I'm Baltimore. I can be quite a fun town.

by Anonymousreply 50April 27, 2017 11:27 AM

I'm the god like omniscience of Hannibal Lecter. It would all be absurd if the acting wasn't so dam good.

by Anonymousreply 51April 27, 2017 11:28 AM

I’m Catherine’s 1980s jeep, with a shitty, tinny, trebly sound system blaring Tom Petty

by Anonymousreply 52April 27, 2017 11:28 AM

I'm Buffalo Bill's manly voice when angry. Its epic and was stolen by Bane in Dark Knight.

by Anonymousreply 53April 27, 2017 11:30 AM

I'm a big fat person.

by Anonymousreply 54April 27, 2017 11:31 AM

I'm Senator Martin's suit.

by Anonymousreply 55April 27, 2017 11:31 AM

I'm the smell of blue working class one generation removed from poor white trash.

by Anonymousreply 56April 27, 2017 11:36 AM

I'm the stink of the lamp.

by Anonymousreply 57April 27, 2017 11:38 AM

I'm nail biting suspense, genuine fright, and fine filmmaking. Torture porn and 'Saw' could learn something from me.

by Anonymousreply 58April 27, 2017 11:41 AM

I'm Senator Martin. I just want the best of everything for my daughter, including not being skinned alive.

by Anonymousreply 59April 27, 2017 11:47 AM

I'm the six or so tall men in the elevator who make Starling look so, so tiny.

by Anonymousreply 60April 27, 2017 12:30 PM

I’m the Duomo, as seen from the Belvedere.

by Anonymousreply 61April 27, 2017 1:27 PM

I missed this movie- is it any good?

by Anonymousreply 62April 27, 2017 1:49 PM

I'm toaster giveaways and Barry manilow on the speakers all day.

by Anonymousreply 63April 27, 2017 3:04 PM

I'm the phrase " Good nutrition has given you some length of bone, but you're not more than one generation out of the mines Officer Starling. ", I have been quoted on datalounge various times.

by Anonymousreply 64April 27, 2017 3:20 PM

I’m UVA and that throwaway line really inflated my sense of importance.

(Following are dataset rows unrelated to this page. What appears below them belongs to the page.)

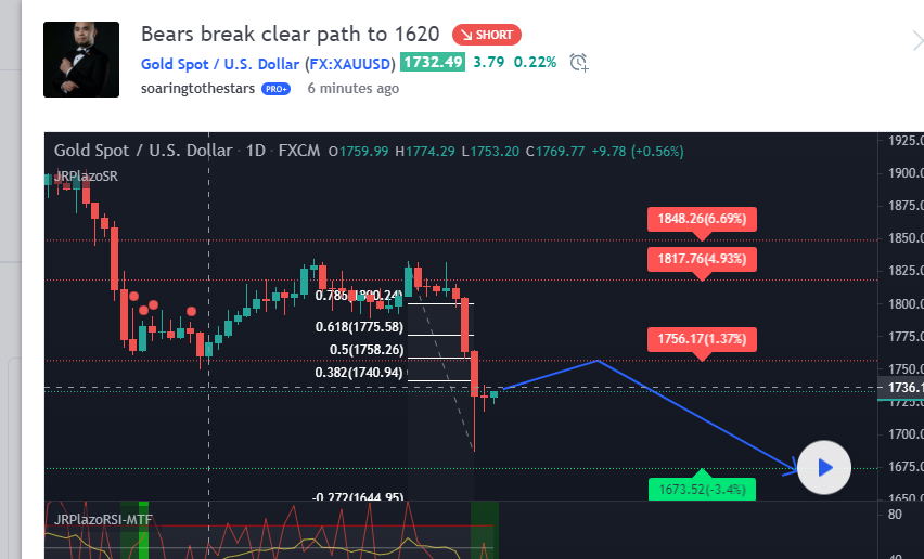 금의 방향은 이제 50% 피보나찌로 교정 상승으로 1758년의 대규모 일일 저항과 일치한다. 1680에서 1620까지 이상적인 드롭 존이 될 것입니다.
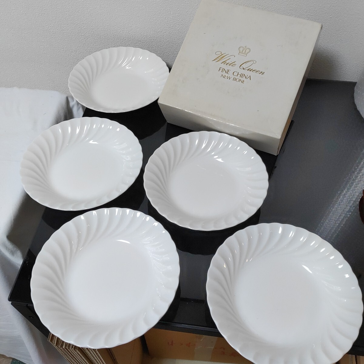 - 香蘭社 KORANSHA ホワイトクイーン スープ皿 クープ皿 プレート 5枚 使いやすい シンプル 1022-G5-TA12
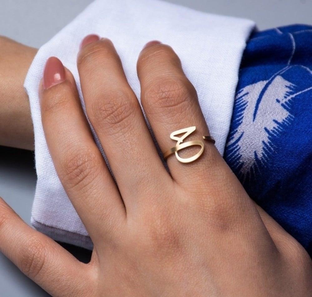 خاتم حرفك مطلي ذهبيتم كتابه الحرف او الاسم حسب الطلبطلاء ذهب عيار 21 قيراطمتوفر باللونين ذهبي او فضيالمقاس فيري سايز يتضيق ويتوسعياتيكم بتغليف شيك وجميل
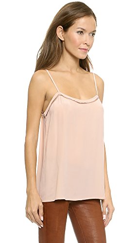 Delicate square cutouts trim the top of this Equipment blouse, adding charming detail. A flared hem lends a breezy drape. Adjustable spaghetti straps. Sleeveless.
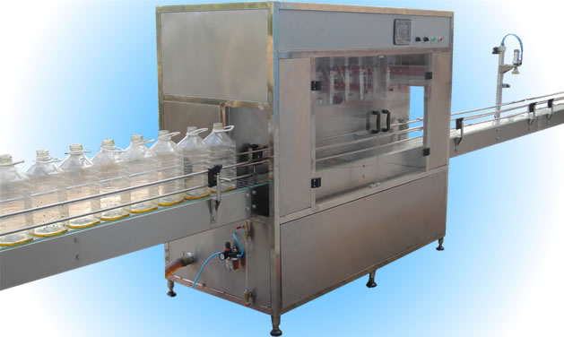 H包裝食用油機械,食用油視頻,粘液灌裝機 【名稱型號】全自動油類液體灌裝線(六頭) ZLDG-6型 【主要用途】廣泛用于各種桶裝液體(1-6升),如潤滑油、食用油等各種粘性、無粘性液體的定量灌裝。 【技術參數】jzzqh0807   灌裝機頭數:6頭   灌裝速度:每頭100-200(桶/小時)   灌裝精度:±≤0.3%FS   電源:220/380V   氣壓:0.5-1.0Mpa 【產品特點】  1.人機界面,直接設定灌裝量;  2.PLC程序控制,變頻器調速直線灌裝;  3.高精度容積式流量計,定量精確可靠;

by Anonymousreply 65April 27, 2017 4:07 PM

I'm Barney's ceaseless kindness and understanding directed at these crazy white people.

by Anonymousreply 66April 27, 2017 4:33 PM

I'm the spring lamb that was too heavy for Clarice to save, which caused her to be sent to an orphanage.

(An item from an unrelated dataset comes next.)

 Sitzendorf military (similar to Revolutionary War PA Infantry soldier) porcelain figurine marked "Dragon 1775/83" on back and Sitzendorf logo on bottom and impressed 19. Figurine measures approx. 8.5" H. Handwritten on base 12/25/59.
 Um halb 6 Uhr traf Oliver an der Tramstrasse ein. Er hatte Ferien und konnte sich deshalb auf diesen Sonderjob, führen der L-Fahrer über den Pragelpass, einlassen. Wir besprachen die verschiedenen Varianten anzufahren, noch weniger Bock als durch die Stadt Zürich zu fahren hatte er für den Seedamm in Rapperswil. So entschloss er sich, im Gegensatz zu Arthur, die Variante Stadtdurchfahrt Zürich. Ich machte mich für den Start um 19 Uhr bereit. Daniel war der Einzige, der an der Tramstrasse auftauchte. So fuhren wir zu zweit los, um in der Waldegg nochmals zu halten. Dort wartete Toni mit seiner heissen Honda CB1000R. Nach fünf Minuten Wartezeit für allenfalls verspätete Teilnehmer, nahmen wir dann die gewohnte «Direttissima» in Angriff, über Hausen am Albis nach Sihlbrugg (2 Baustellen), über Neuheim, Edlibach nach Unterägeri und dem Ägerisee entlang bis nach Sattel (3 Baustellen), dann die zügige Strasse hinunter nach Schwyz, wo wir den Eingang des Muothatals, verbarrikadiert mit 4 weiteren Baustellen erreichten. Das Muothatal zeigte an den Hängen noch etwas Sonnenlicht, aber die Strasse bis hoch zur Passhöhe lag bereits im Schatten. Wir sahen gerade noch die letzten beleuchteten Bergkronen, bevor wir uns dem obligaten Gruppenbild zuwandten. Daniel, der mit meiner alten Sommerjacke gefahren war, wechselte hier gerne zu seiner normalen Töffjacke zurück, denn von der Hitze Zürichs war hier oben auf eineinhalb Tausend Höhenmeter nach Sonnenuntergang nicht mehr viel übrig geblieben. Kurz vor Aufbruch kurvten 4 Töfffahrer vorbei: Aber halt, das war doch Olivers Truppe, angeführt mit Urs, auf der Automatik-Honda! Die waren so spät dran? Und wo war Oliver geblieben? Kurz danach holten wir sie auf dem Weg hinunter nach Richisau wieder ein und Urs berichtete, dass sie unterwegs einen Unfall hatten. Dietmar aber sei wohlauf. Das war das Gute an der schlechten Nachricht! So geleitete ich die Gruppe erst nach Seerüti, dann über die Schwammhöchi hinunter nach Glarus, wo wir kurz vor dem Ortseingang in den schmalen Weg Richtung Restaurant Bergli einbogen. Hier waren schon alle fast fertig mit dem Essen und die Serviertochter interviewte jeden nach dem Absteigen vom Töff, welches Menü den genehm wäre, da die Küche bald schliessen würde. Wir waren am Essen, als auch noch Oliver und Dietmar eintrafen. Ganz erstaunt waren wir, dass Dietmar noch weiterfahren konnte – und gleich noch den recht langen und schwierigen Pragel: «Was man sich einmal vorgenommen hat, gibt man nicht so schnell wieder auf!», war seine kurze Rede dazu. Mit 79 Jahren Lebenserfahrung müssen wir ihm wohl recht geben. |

by Anonymousreply 67April 27, 2017 4:36 PM

[quote] I'm Barney's ceaseless kindness and understanding directed at these crazy white people.

I'm the Lecter memorabilia Barney sells in "Hannibal" that makes him quite wealthy and which explains his kindness and understanding. Ka-Ching.

by Anonymousreply 68April 27, 2017 4:39 PM

[quote] I'm the phrase " Good nutrition has given you some length of bone, but you're not more than one generation out of the mines Officer Starling. ", I have been quoted on datalounge various times.

I'm the phrase as quoted from the film: "Good nutrition has given you some length of bone, but you're not more than one generation from poor white trash, are you Agent Starling?" I've been quoted on Datalounge various times.

by Anonymousreply 69April 27, 2017 4:41 PM

I'm the pen that Dr. Chilton left that somehow Dr. Lecter managed to use to escape. How? We don't have any idea...they glossed over that.

by Anonymousreply 70April 27, 2017 4:52 PM

I'm Jack Crawford as he imagines scenarios, exchanges, fucking Starling.

by Anonymousreply 71April 27, 2017 4:58 PM

Frankly, R71, you're something Miggs would say.

by Anonymousreply 72April 27, 2017 5:01 PM

I think it's quite clear, r70. Lecter dissembled the pen, took out the little steel spring that enables the clicking mechanism, straightened it out and then used it to pop his handcuffs.

by Anonymousreply 73April 27, 2017 5:05 PM

R3773, are you strong enough to point that high-powered perception at yourself?

by Anonymousreply 74April 27, 2017 5:09 PM

I'm Sergeant Tate's wackadoo mustache.

You're not sure if I make him [actor Danny Darst] less fuckable or more fuckable.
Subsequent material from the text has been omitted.